Fransz P F, Alonso-Blanco C, Liharska T B, Peeters A J, Zabel P, de Jong J H
Department of Genetics, Wageningen Agricultural University, Netherlands.
Plant J. 1996 Mar;9(3):421-30. doi: 10.1046/j.1365-313x.1996.09030421.x.

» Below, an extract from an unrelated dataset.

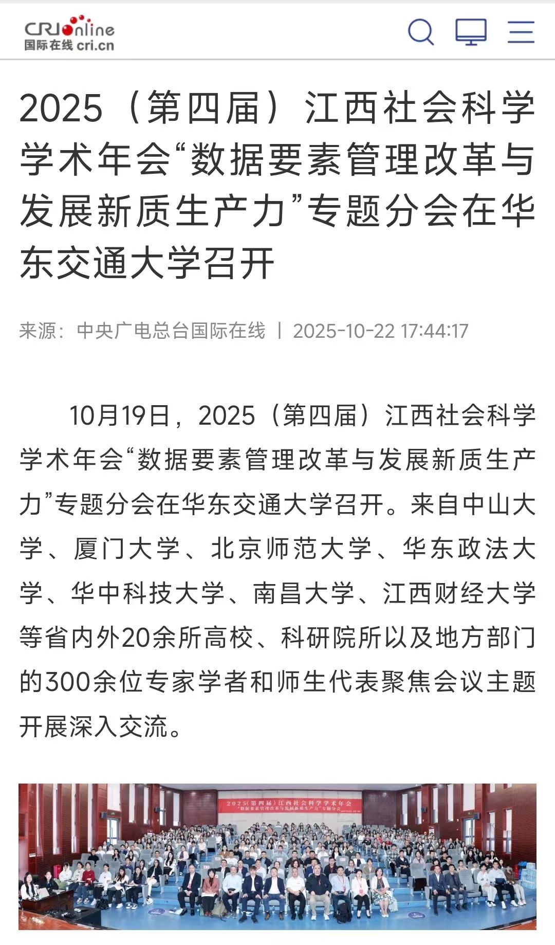 10月19日,2025(第四屆)江西社會科學學術年會“數據要素管理改革與發展新質生產力”專題分會在華東交通大學召開。來自中山大學、廈門大學、北京師范大學、華東政法大學、華中科技大學、南昌大學、江西財經大學等省內外20余所高校、科研院所以及地方部門的300余位專家學者和師生代表聚焦會議主題開展深入交流。

A technique to detect DNA sequences on extended DNA fibres (EDF) prepared from interphase nuclei from tomato (Lycopersicon esculentum) and Arabidopsis thaliana leaves by fluorescence in situ hybridization (FISH) is described. Three nuclear lysis procedures have been tested for their ability to decondense chromatin and to generate highly extended intact DNA fibres on microscopic slides. DNA probes of various sizes have been used in FISH experiments to EDFs to establish the resolution and sensitivity of the technique. The fluorescent signals of a 5S rDNA probe hybridized to tomato EDFs revealed continuous strings of about 200 microns, that corresponded to a molecular size of about 660 kb. In A. thaliana, a contig of three cosmids spanning a genomic region with a total length of about 89 kb was analysed. By means of multicolour hybridization the physical positions of the cosmids were visualized as red and green fluorescence strings with overlapping regions in yellow. Comparison of the length of the fluorescent signals with the molecular data revealed a stretching degree of the DNA fibres at 3.27 kb microns-1, which is close to the Watson-Crick DNA length estimate of 2.9 kb microns-1. Other experiments on small size molecular probes with both lambda clones (13.5-17 kb insert sizes) and plasmids (4.2 and 5 kb) in a contig of A. thaliana, and the 5S rDNA region in tomato showed close agreement with molecular data. The lower limit of the detection, which was established in a hybridization experiment with two DNA probes from the 45S ribosomal gene on extended fibres of tomato, was about 0.7 kb. Consistent patterns of alternating fluorescent red and green spots were obtained reflecting the tandemly repeated arrangement of the 18S and 25S ribosomal sequences. On the basis of the microscopic distance between these hybridization spots the size of the ribosomal unit was estimated at 8.2 kb. This implies a drastic improvement of high-resolution physical mapping of DNA sequences by FISH on plant DNA.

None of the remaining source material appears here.